The Neuroscience theme brings together scientists from the School of Life Sciences and the Faculty of Medicine and Health Sciences. It specialises in several related basic, translational and clinical areas and applies state-of-the art approaches to the study of normal processes and disease mechanisms. There is basic research into neuroanatomy, cell physiology and pathology, development of new stem cell and other therapies for treatment of human disorders, and some of our research culminates in clinical trials and treatments in neurological diseases. Our work is based on multidisciplinary approaches to discover and treat the causes of disease and includes a wide range of approaches using different technologies such as single cell recording and systems physiology, nanoscale devices and nanoparticles, confocal and electron microscopy, and genetic studies.
In basic neuroscience, we conduct research into the molecular changes in the brain during development and pathology and the functioning of the auditory system at the organ, cellular and molecular level, along with the mechanisms of cortical and hippocampal plasticity. Development of in vitro models of neurological injury is also a major goal. Multidisciplinary studies investigate the application of nanotechnology and nanoscale devices for neural repair and neural circuit formation.
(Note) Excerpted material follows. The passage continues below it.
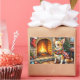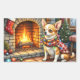 Sticker Rectangulaire Chihuahua Sitting Fireplace with Christmas Lights

There is also work on the functional variability of neurons in response to neuromodulation, the resulting changes in the functional neural circuits, and the computational modelling of these.
Some of our research is potentially translational, for example stem cell therapy to promote neural regeneration to treat diseases such as Parkinson’s disease and prevent hearing loss, along with the development of implantable materials to promote repair following spinal cord injury. In the clinical area, we are researching genetics in multiple sclerosis (MS) and the range of neuropsychological deficits following stroke, including clinical trials towards their treatment.
Research within the Molecular and Structural Biosciences theme is unified in a quest to elucidate the functional and mechanistic complexities of how biologically relevant molecules within a given system interact and afford activity. This highly interdisciplinary theme draws upon complimentary experience within the fields of biochemistry, biophysics, biotechnology, molecular biology, cell biology, chemistry and medicine to understand the structure:function relationships that occur throughout all the major classes of biological macromolecules (proteins, nucleic acids, carbohydrates and lipids).
Much of the underpinning, fundamental research carried out within the theme, finds future application and exploitation within the more applied fields of therapeutic development, rational drug design, pharmaceutical production and quality control, neurobiology, cancer research, infectious disease, regenerative medicine, tissue engineering, materials science and instrumentation development.
Major groupings and capacities, within and across themes, includes structural biology, systems biology, bioinformatics, glycoscience and glycomics and proteomics.